Haslam, an Old Etonian society decorator, wrote about his British aristocratic and Hollywood movie star friends under the pen name Paul Parsons. Lynn wrote the 'Bitch' gossip column about café society. Lavers, who moonlighted as Head of Films at A&M Records was the Music and Media columnist. Lear gossiped about the international glitterati. Lavers and Lear even interviewed each other. Richard Young
was initially hired as Lynn's photographer, but eventually took photographs for all the columns. The four gossip columnists sometimes attended the same parties and wrote about each other. Haslam invited Lynn to all the parties he organised for his celebrity friends like Andy Warhol, so that she could report about them in her column.

Film producer Cat Villiers (then known as Catkin Villiers) began her career on the staff of the periodical.

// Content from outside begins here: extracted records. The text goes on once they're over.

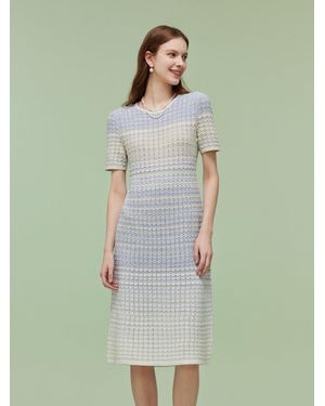 Knitted Puff Sleeve Patchwork Midi Dress - White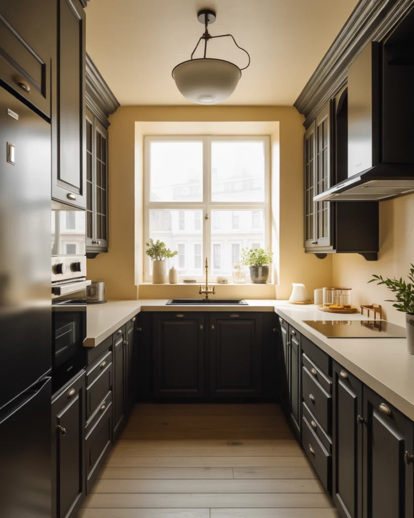 Minimalism thrives when the focus is on clean lines. Black cabinets with seamless panels conceal appliances, creating a unified aesthetic. A matte finish on countertops and a streamlined sink reinforce the uncluttered vibe. Add subtle decor like sculptural accessories or a slim table for function. The design works best in small spaces, making them feel sleek and intentional.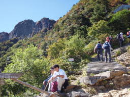 連休で人が多いので、鎖場が数珠つなぎになっています。鎖場とは別の下記のルートもあります。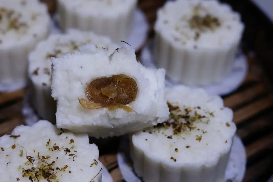 糯米粉210克、粘米粉180克、清水215克、白糖50克、蜜枣100克、干桂花3克。

Although Ritz Newspaper's policy was to avoid paying their contributing editors, including photojournalist Clement Barclay, established writers like Clive James and Peter York contributed to the magazine, as occasionally did established pop and rock stars such as George Michael.

==Fashion==
Ritz Newspaper was a showcase for fashion photography. David Bailey took the pictures. His wife, Marie Helvin, and other celebrity fashion models modelled, and Patrick Lichfield and other top photographers, such as Barry Lategan worked for Ritz.

==Celebrity ==
The majority of the celebrity interviews were in question and answer format, and included David Cassidy (interviewed by George Michael), Sammy Davis Jr., Gore Vidal, Paul McCartney and Frank Zappa.

==Advertising==
Ritz Newspaper specialised in celebrity advertising campaigns. Olympus Cameras, Leonard the society hairdresser, and Manolo Blahnik all took out regular campaigns. Schumi advertised in every issue of Ritz, except for the first issue.